PROBLEM TO WORK ON —
Pictures aside, repeat all the entries below exactly as they appear.

RECORDED INFORMATION —
····················
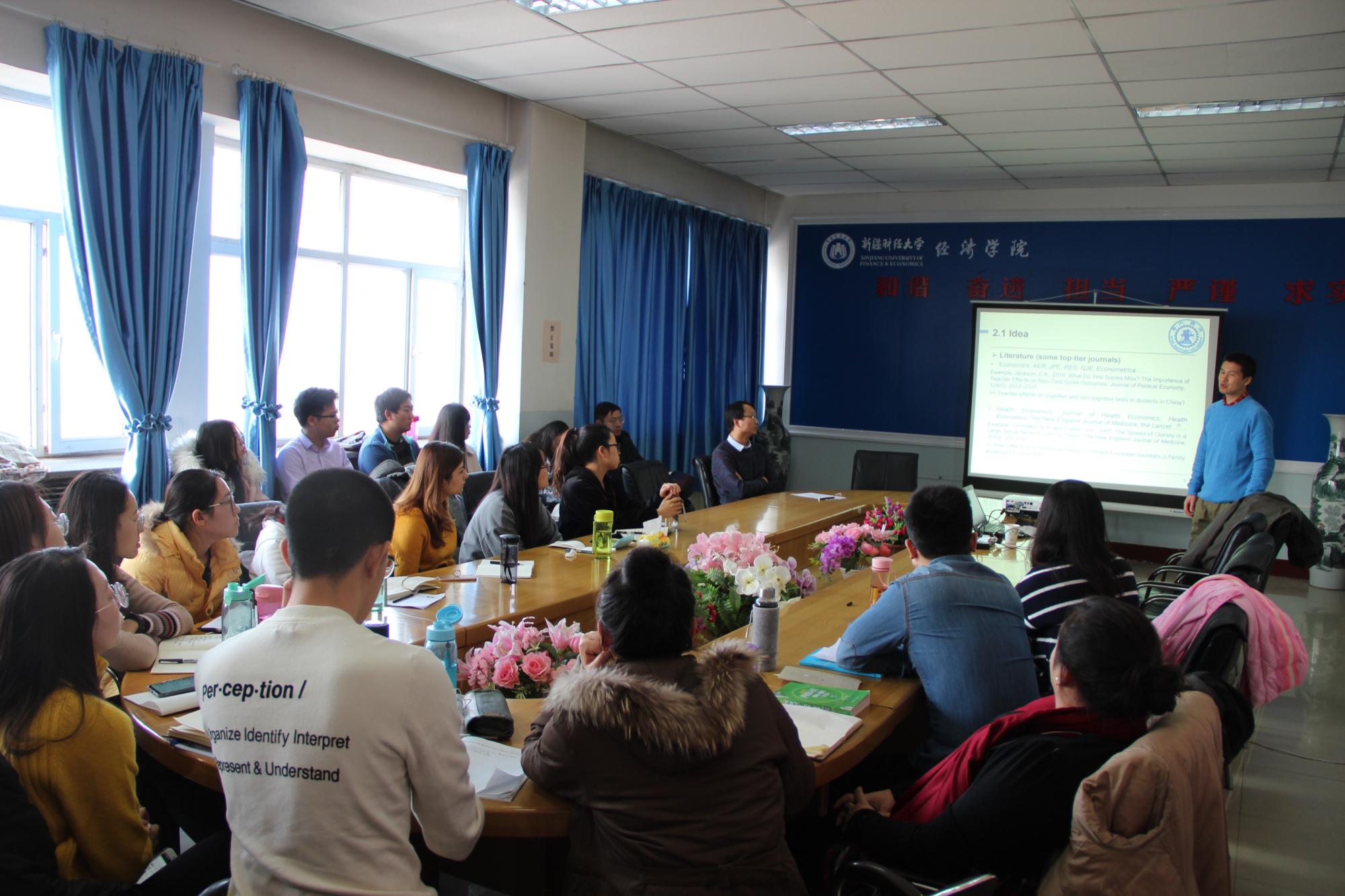 14日下午,聂鹏副教授做了题为《对经济学研究生如何进行科研的一些思考》的报告,以期帮助和引导经济学及相关专业的研究生如何有效地开展学习与科研。报告会由新疆财经大学经济学院副院长马远副教授主持。报告主要包括两个板块:第一,对德国研究生的学习与科研进行一个简要介绍;第二,重点探讨经济学研究生在进行有效科研中所需要考虑的一些主要方面,包括研究主题、数据,专业论文写作、软技能培养、批判性思维、学术出版等。并对现代计量经济学中的非参数与半参数方法及在经济学研究中的具体应用进行了介绍。报告会结束之后,参加报告会的同学们与聂鹏副教授进行了愉快的交流。
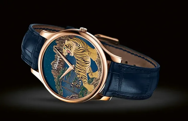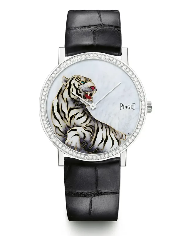 Bereits zum zehnten Mal lanciert Piaget eine Armbanduhr, die im Zeichen des Chinesischen Horoskops steht. In diesem Jahr hat die Marke mit der bekannten Emaille-Meisterin Anita Porchet zusammengearbeitet. Bei dem auf 38 Stück limitierten Modell in Weißgold wird der Tiger mithilfe der altüberlieferten Cloisonné-Technik dargestellt.
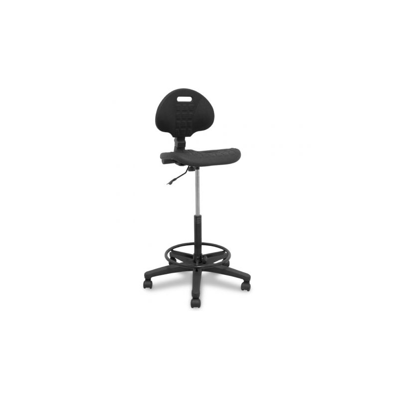 Taburete giratorio sin brazos, contacto permanente. Aro regulable en altura.
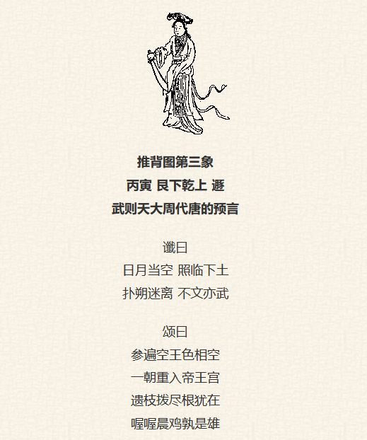 标题为:“丙寅,天山遁”,根据《推背图》的成书时间公元630年推算,本象应该说的是公园695年之后的事情,当时执政者正是武则天。
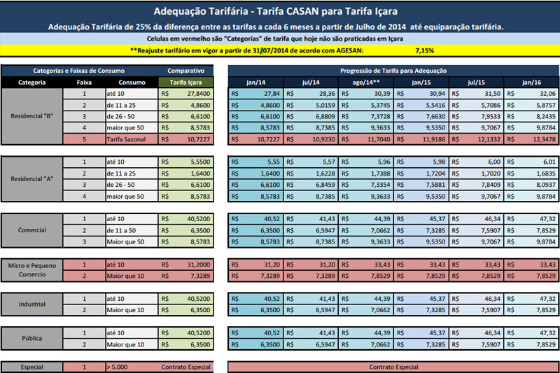O acréscimo faz parte da readequação programada na transferência da distribuição até então feita pelo Sistema Autônomo Municipal de Água e Esgoto. Os reajustes continuarão em janeiro e julho até 2016. Além da tabela residencial, o acréscimo também atinge as categorias Comercial, Industrial e Pública. A nova gestão implantou a tarifação também para micro e pequeno comércio, além da especial para quem adquire mais de 5 mil metros cúbicos.
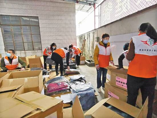 团广东省委、广东省志愿者行动指导中心组织志愿者完成爱心企业捐赠的羽绒服分拣、打包、寄送等工作 岳青 摄
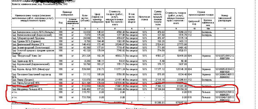 Здравствуйте! Занимаемся оптовой торговлей продуктами питания, в т.ч. импортными. При отгрузке одного наименования товара, но из разных партий, счет-фактура формируется следующим образом (см. вложение)
····················
WRITTEN SOLUTION —
 14日下午,聂鹏副教授做了题为《对经济学研究生如何进行科研的一些思考》的报告,以期帮助和引导经济学及相关专业的研究生如何有效地开展学习与科研。报告会由新疆财经大学经济学院副院长马远副教授主持。报告主要包括两个板块:第一,对德国研究生的学习与科研进行一个简要介绍;第二,重点探讨经济学研究生在进行有效科研中所需要考虑的一些主要方面,包括研究主题、数据,专业论文写作、软技能培养、批判性思维、学术出版等。并对现代计量经济学中的非参数与半参数方法及在经济学研究中的具体应用进行了介绍。报告会结束之后,参加报告会的同学们与聂鹏副教授进行了愉快的交流。
 Bereits zum zehnten Mal lanciert Piaget eine Armbanduhr, die im Zeichen des Chinesischen Horoskops steht. In diesem Jahr hat die Marke mit der bekannten Emaille-Meisterin Anita Porchet zusammengearbeitet. Bei dem auf 38 Stück limitierten Modell in Weißgold wird der Tiger mithilfe der altüberlieferten Cloisonné-Technik dargestellt.
 Taburete giratorio sin brazos, contacto permanente. Aro regulable en altura.
 标题为:“丙寅,天山遁”,根据《推背图》的成书时间公元630年推算,本象应该说的是公园695年之后的事情,当时执政者正是武则天。
O acréscimo faz parte da readequação programada na transferência da distribuição até então feita pelo Sistema Autônomo Municipal de Água e Esgoto. Os reajustes continuarão em janeiro e julho até 2016. Além da tabela residencial, o acréscimo também atinge as categorias Comercial, Industrial e Pública. A nova gestão implantou a tarifação também para micro e pequeno comércio, além da especial para quem adquire mais de 5 mil metros cúbicos.
 团广东省委、广东省志愿者行动指导中心组织志愿者完成爱心企业捐赠的羽绒服分拣、打包、寄送等工作 岳青 摄
 Здравствуйте! Занимаемся оптовой торговлей продуктами питания, в т.ч. импортными. При отгрузке одного наименования товара, но из разных партий, счет-фактура формируется следующим образом (см. вложение)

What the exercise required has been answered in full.